Catalyst currently supports the direct Gemini generation paths:
  • /v1beta/models/{model}:generateContent
  • /v1beta/models/{model}:streamGenerateContent
  • /v1/models/{model}:generateContent
  • /v1/models/{model}:streamGenerateContent
Other Gemini API paths should be called directly until they are explicitly supported by the gateway.

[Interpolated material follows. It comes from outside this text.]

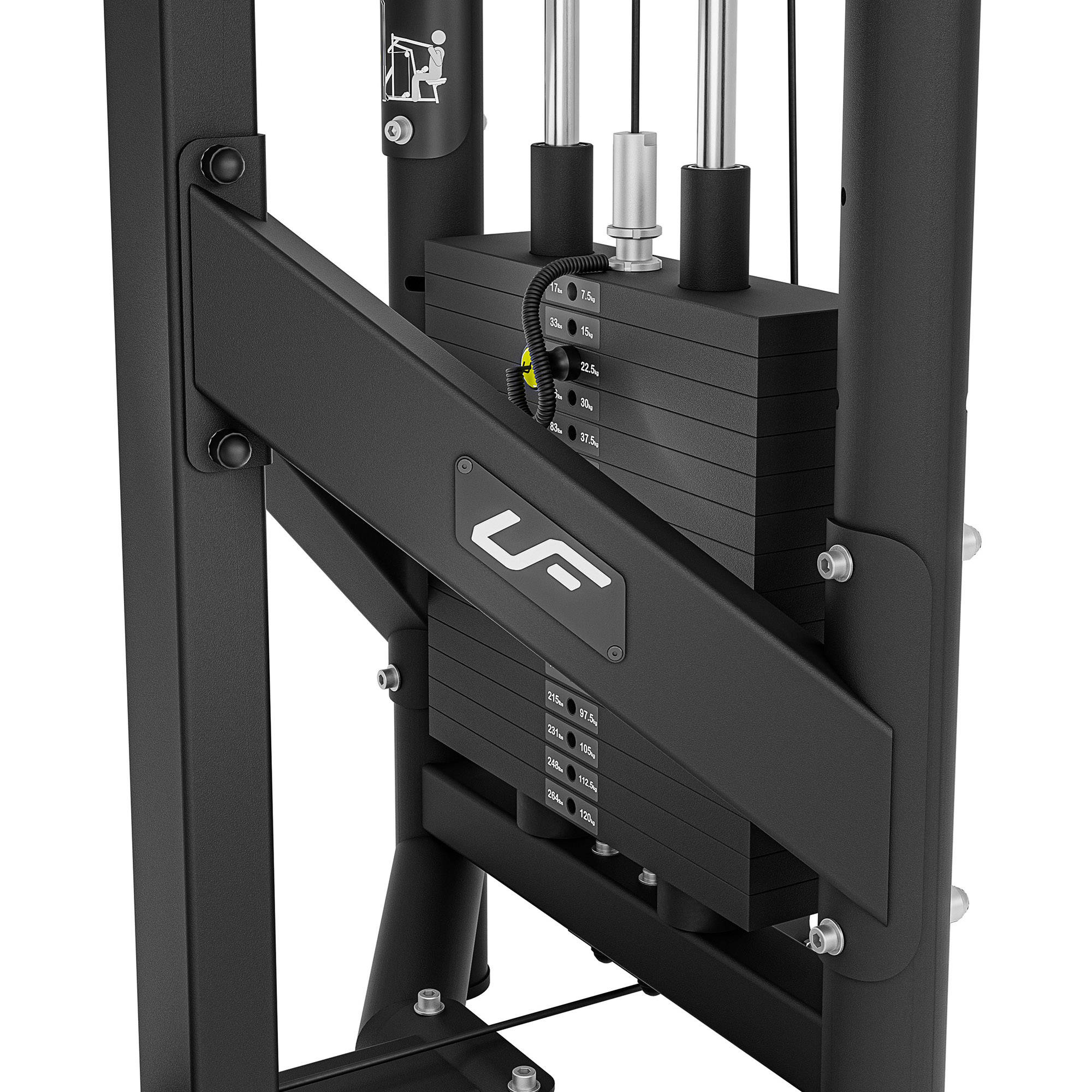 La máquina de dominadas UF-020 puede utilizarse para entrenar dominadas. Gracias a su diseño bien pensado, la máquina de dominadas está dirigida tanto a principiantes como a deportistas avanzados.
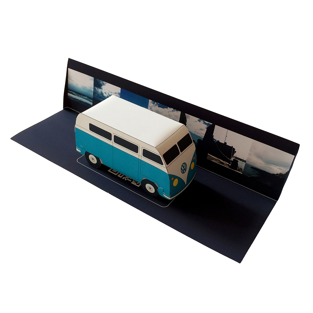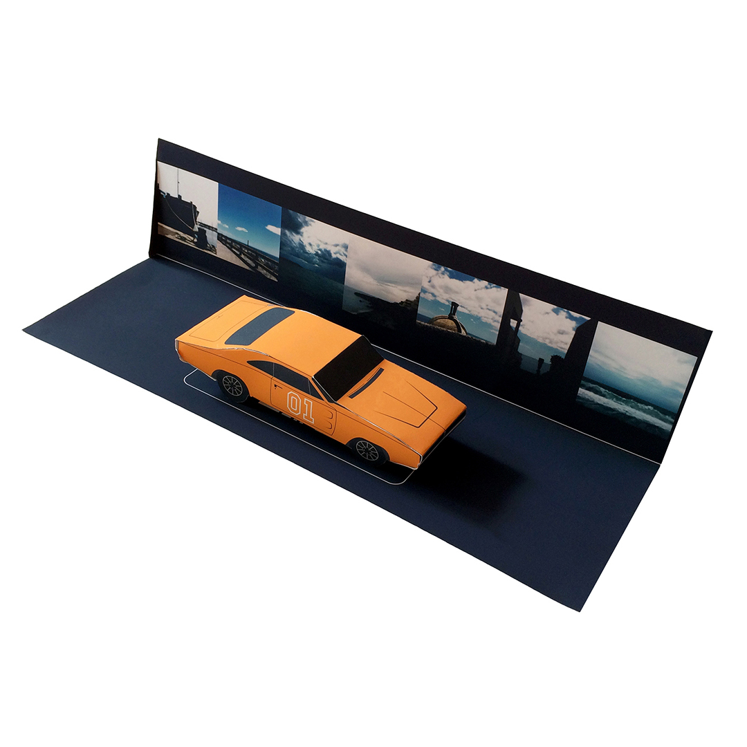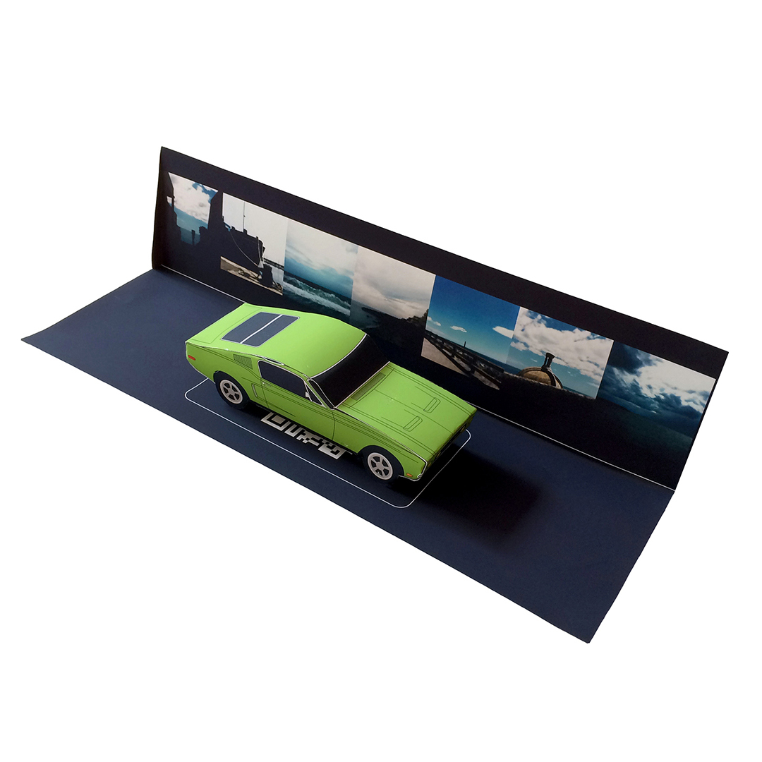 Des multiples – considérés comme des portes d’entrée – intègrent également le dispositif et se déploient autour de lui. Les paper toy de voitures – installés sur un support papier en trois dimensions où figure une combinaison du panorama de #7 Day by day – en sont une illustration. Chargés d’un imaginaire et d’une culture collective, ils évoquent les déplacements du corps dans le paysage. Les automobiles autant que les smartphones sont des machines de vision et, comme l’explique Norbert Hillaire au sujet de ses Photomobiles, « ils structurent notre point de vue sur le réel dans notre mobilité quotidienne et témoignent de l’impossibilité d’arrêter le flux du temps tout en l’arrêtant quand même ». Dès lors, le paysage se contemple dans un flux d’espaces (im)mobiles.

OpenAI-compatible endpoint

If you would rather use the OpenAI request format (for example, to reuse an existing OpenAI SDK setup), Gemini exposes an OpenAI-compatible surface at https://generativelanguage.googleapis.com/v1beta/openai. Catalyst can route to it by combining the OpenAI-format path with a provider URL override:
HeaderValue
x-inference-providergemini
x-inference-provider-urlhttps://generativelanguage.googleapis.com/v1beta/openai
x-inference-provider-api-keyYour Gemini API key. Catalyst forwards it as Authorization: Bearer <key> because the OpenAI-compat endpoint requires bearer auth.
cURL
curl "https://api.inference.net/v1/chat/completions" \
  -H "Authorization: Bearer ${INFERENCE_API_KEY}" \
  -H "Content-Type: application/json" \
  -H "x-inference-provider: gemini" \
  -H "x-inference-provider-url: https://generativelanguage.googleapis.com/v1beta/openai" \
  -H "x-inference-provider-api-key: ${GEMINI_API_KEY}" \
  -H "x-inference-environment: production" \
  -H "x-inference-task-id: gemini-openai-compat" \
  -d '{
    "model": "'"${GEMINI_MODEL}"'",
    "messages": [{ "role": "user", "content": "Reply with exactly OK." }],
    "max_completion_tokens": 32,
    "temperature": 0
  }'
The native :generateContent paths above remain the recommended surface — they expose Gemini features (system instructions, thinking traces, response schemas, image inputs) that the OpenAI-compat shim does not pass through.